Quel avenir pour nos forêts ?

Quel avenir pour nos forêts ?
Quel avenir pour nos forêts ? - © SISKA GREMMELPREZ - BELGA

En ces temps d’inquiétude autour de la question climatique, en ces périodes d’incendie gigantesques dans la forêt amazonienne ou encore en Indonésie, on parle peu de nos forêts européennes. Et leur état de santé est flou : on nous dit d’une part que les écosystèmes des forêts, nos puits de carbone, sont en danger. D’autre part, on a parfois le sentiment que certaines de nos forêts croissent. Que penser ?

Philippe de Wouters, le directeur de la Société royale forestière de Belgique, était l’invité d’Eddy Caekelberghs dans Au bout du jour. Et pour lui, le constat est clair : "Nos forêts se meurent à petit feu. Pas au point de l’Amazonie qui brûle de manière spectaculaire, mais elles se meurent petit à petit". Car le climat a effectivement une incidence sur les arbres qui peuplent nos forêts. Le hêtre, arbre phare de la Forêt de Soignes à Bruxelles, est par exemple très sensible à la sécheresse, explique Philippe de Wouters. Même constat pour l’épicéa, la deuxième grande essence (le type d’arbre, ndlr) des forêts belges. Et qui dit sensible, dit forcément plus fragile. "Ce qui veut dire qu’il est attaqué par des maladies ou des insectes, principalement les scolytes", ajoute Philippe de Wouters.

Replanter diverses essences

Alors oui, nos forêts sont donc en danger, et il faut en prendre soin.
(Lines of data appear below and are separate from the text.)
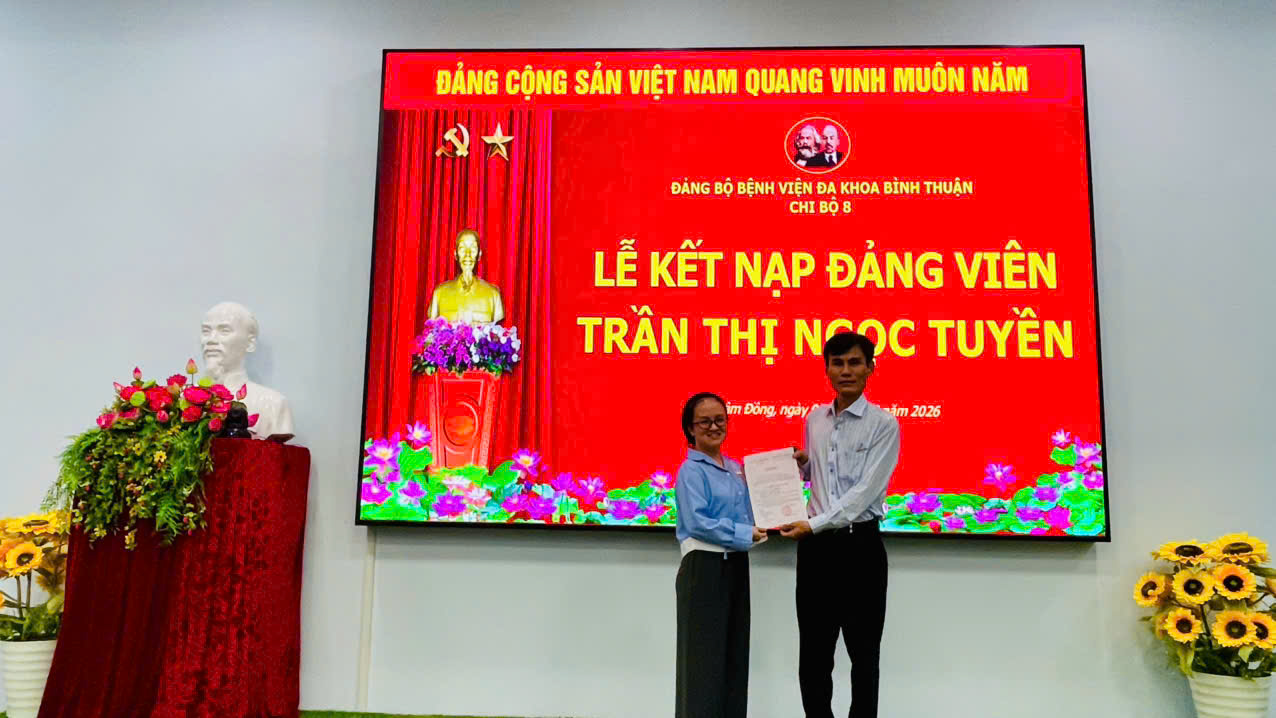 Thực hiện kế hoạch trên, ngày 03/02/2026, Chi bộ 8 (gồm khoa Hồi sức tích cực – Chống độc và khoa Gây mê hồi sức) đã tổ chức Lễ kết nạp đảng viên mới cho quần chúng ưu tú Trần Thị Ngọc Tuyền – Bác sĩ y khoa, nhân viên khoa Hồi sức tích cực – Chống độc, đúng quy định của Điều lệ Đảng.
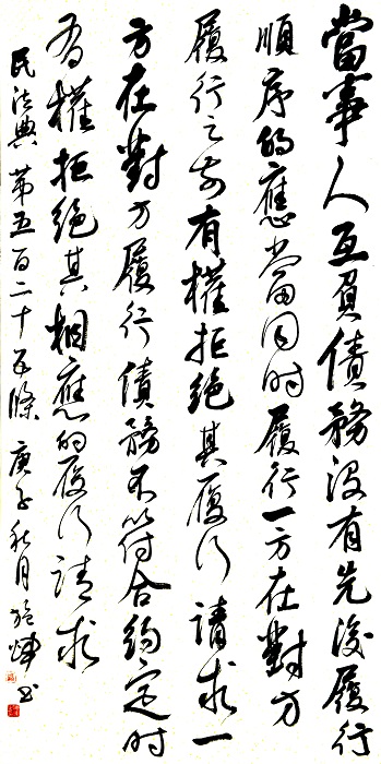 民法典第五百二十五條 當(dāng)事人互負(fù)債務(wù),沒有先后履行順序的,應(yīng)當(dāng)同時履行。一方在對方履行之前有權(quán)拒絕其履行請求。一方在對方履行債務(wù)不符合約定時,有權(quán)拒絕其相應(yīng)的履行請求。
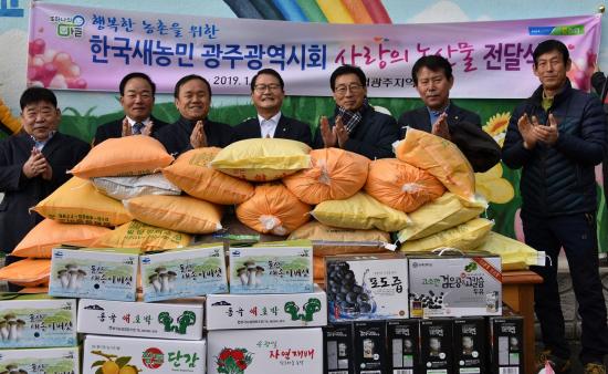 ³óÇù±¤ÁÖº»ºÎ(º»ºÎÀå ±èÀϼö)´Â 2ÀÏ Çѱ¹»õ³ó¹Î ±¤ÁÖ½Ãȸ(ȸÀå ±è¿ë¾È) ȸ¿øµé°ú ÇÔ²² ±¤»ê±¸ »ïµµµ¿ »õ³¯Çб³(±³Àå ÀÌõ¿µ)À» ã¾Æ »õ³ó¹Î ȸ¿øµéÀÌ »ý»êÇÑ 2¹é¸¸ ¿ø »ó´çÀÇ »ç¶ûÀÇ ³ó»ê¹° Àü´Þ½ÄÀ» °¡Á³´Ù.

Cela passe par le reboisement. Ce qui se fait déjà aujourd’hui. Mais les effets ne se feront pas ressentir tout de suite.

Quand on plante beaucoup d’hectares aujourd’hui, il faut savoir qu’ils ne seront réellement forêt et donc capteurs de carbone que dans 20 à 30 ans, voire 50 ans.

Et il faut réaliser une chose : la forêt de 2100 ne sera probablement plus celle que nous connaissons aujourd’hui. Les changements climatiques vont provoquer des changements dans nos forêts. Et déjà aujourd’hui, la stratégie de reboisement tient compte de ces changements climatiques. "Le maître mot, comme à la bourse, c’est de diversifier les placements. Dans ce cas-ci, les plantations donc", précise Philippe de Wouters. On plante aujourd’hui d’autres types d’arbres dans nos forêts, notamment des arbres qui viennent de régions plus au sud.

Par ailleurs, cette stratégie de diversification a un autre intérêt : la production de bois. Il faut pouvoir maintenir la forêt et la préparer pour que, demain, elle fournisse encore ce matériau que l’on retrouve dans quasiment toutes nos maisons. Et pour cela, il faut d’abord et avant tout respecter la forêt, affirme Philippe de Wouters. "Si on ne respecte pas l’écosystème et son fonctionnement avec sa biodiversité, la production ne fonctionne pas." De plus, la meilleure piste pour améliorer la productivité de la forêt, c’est la permaculture. "Il faut éviter ces grands blocs d’une seule essence et d’un seul âge. Il faut mélanger les âges, mélanger les types d’arbres, et la productivité augmentera".